Seems wasn't able to find /dev/linstor/pvc-e5cc28a6-44f0-4afd-b831-502bb0882d1d_00000 device, okay, let's exec into pod:
LVM found (already resized):
# lvs | grep pvc-e5cc28a6-44f0-4afd-b831-502bb0882d1d
pvc-e5cc28a6-44f0-4afd-b831-502bb0882d1d_00000 linstor -wi-ao---- 18.63g
DRBD found (not resized):
# lsblk /dev/drbd1004
NAME MAJ:MIN RM SIZE RO TYPE MOUNTPOINT
drbd1004 147:1004 0 10G 0 disk /var/lib/kubelet/pods/56332201-3640-4de8-9ebb-52244111c406/volumes/kubernetes.io~csi/pvc-e5cc28a6-44f0-4afd-b831-502bb0882d1d/mount
Drbdadm adjust does not make anything:
# lsblk /dev/drbd1004
NAME MAJ:MIN RM SIZE RO TYPE MOUNTPOINT
drbd1004 147:1004 0 10G 0 disk /var/lib/kubelet/pods/56332201-3640-4de8-9ebb-52244111c406/volumes/kubernetes.io~csi/pvc-e5cc28a6-44f0-4afd-b831-502bb0882d1d/mount
# drbdadm adjust pvc-e5cc28a6-44f0-4afd-b831-502bb0882d1d
# lsblk /dev/drbd1004
NAME MAJ:MIN RM SIZE RO TYPE MOUNTPOINT
drbd1004 147:1004 0 10G 0 disk /var/lib/kubelet/pods/56332201-3640-4de8-9ebb-52244111c406/volumes/kubernetes.io~csi/pvc-e5cc28a6-44f0-4afd-b831-502bb0882d1d/mount
Drbdadm down/up wasn't completed because of missing device:
# drbdadm down pvc-e5cc28a6-44f0-4afd-b831-502bb0882d1d
# drbdadm up pvc-e5cc28a6-44f0-4afd-b831-502bb0882d1d
open(/dev/linstor/pvc-e5cc28a6-44f0-4afd-b831-502bb0882d1d_00000) failed: No such file or directory
Command 'drbdmeta 1004 v09 /dev/linstor/pvc-e5cc28a6-44f0-4afd-b831-502bb0882d1d_00000 internal apply-al' terminated with exit code 20
command terminated with exit code 1
# drbdadm up pvc-e5cc28a6-44f0-4afd-b831-502bb0882d1d
Defaulted container "linstor-satellite" out of: linstor-satellite, kube-rbac-proxy, drbd-prometheus-exporter, kernel-module-injector (init)
new-minor pvc-e5cc28a6-44f0-4afd-b831-502bb0882d1d 1004 0: sysfs node '/sys/devices/virtual/block/drbd1004' (already? still?) exists
pvc-e5cc28a6-44f0-4afd-b831-502bb0882d1d: Failure: (161) Minor or volume exists already (delete it first)

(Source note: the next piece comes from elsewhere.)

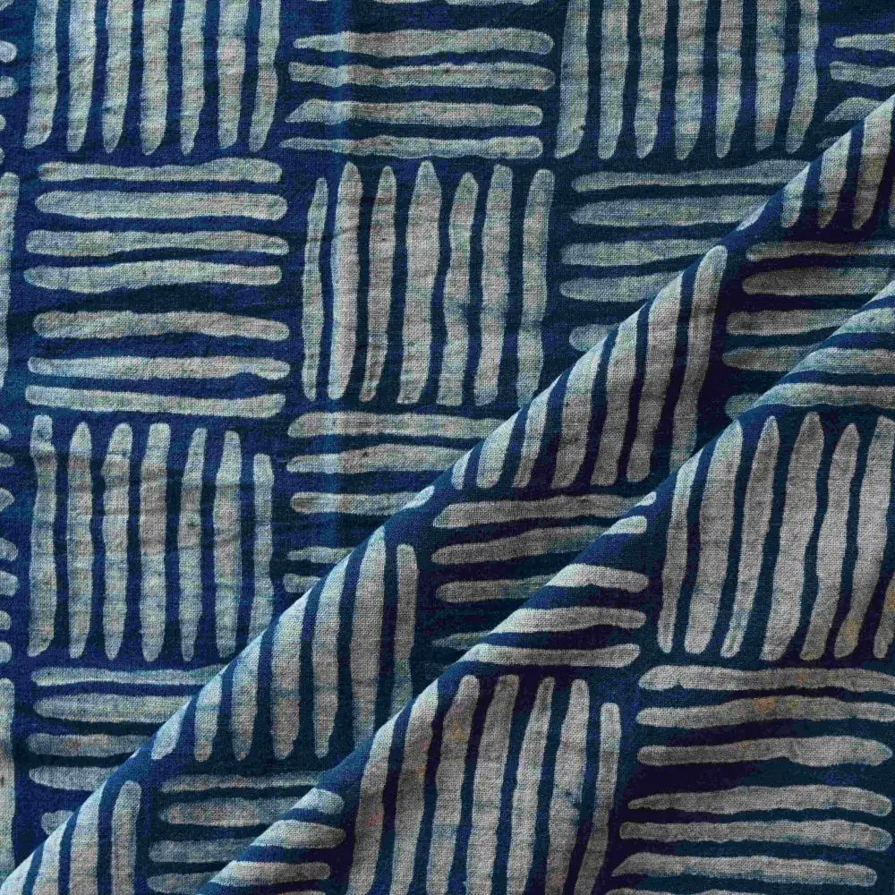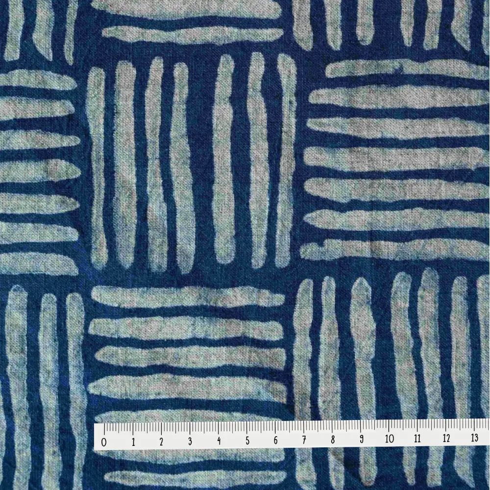 Le motif de ce tissu bleu indigo est imprimé à la main à l’aide de tampons en bois sculptés, selon une technique artisanale traditionnelle. Le dessin est composé de lignes fines et répétées : sept traits horizontaux forment un carré, auxquels répondent, en alternance, sept traits verticaux dessinant un second carré.

Command 'drbdsetup new-minor pvc-e5cc28a6-44f0-4afd-b831-502bb0882d1d 1004 0' terminated with exit code 10
command terminated with exit code 1
# drbdadm status pvc-e5cc28a6-44f0-4afd-b831-502bb0882d1d
pvc-e5cc28a6-44f0-4afd-b831-502bb0882d1d role:Secondary
disk:Diskless
lvchange make this device appears back on the node:
# lvchange -ay linstor/pvc-e5cc28a6-44f0-4afd-b831-502bb0882d1d_00000
# ls /dev/linstor/pvc-e5cc28a6-44f0-4afd-b831-502bb0882d1d*
ls: cannot access '/dev/linstor/pvc-e5cc28a6-44f0-4afd-b831-502bb0882d1d*': No such file or directory
# lvs | grep pvc-e5cc28a6-44f0-4afd-b831-502bb0882d1d
pvc-e5cc28a6-44f0-4afd-b831-502bb0882d1d_00000 linstor -wi-a----- 18.63g
# lvchange -an linstor/pvc-e5cc28a6-44f0-4afd-b831-502bb0882d1d_00000
# ls /dev/linstor/ | grep pvc-e5cc28a6-44f0-4afd-b831-502bb0882d1d
# lvchange -ay linstor/pvc-e5cc28a6-44f0-4afd-b831-502bb0882d1d_00000
# ls /dev/linstor/
pvc-e5cc28a6-44f0-4afd-b831-502bb0882d1d_00000
# drbdadm adjust pvc-e5cc28a6-44f0-4afd-b831-502bb0882d1d
Moving the internal meta data to its proper location
Internal drbd meta data successfully moved.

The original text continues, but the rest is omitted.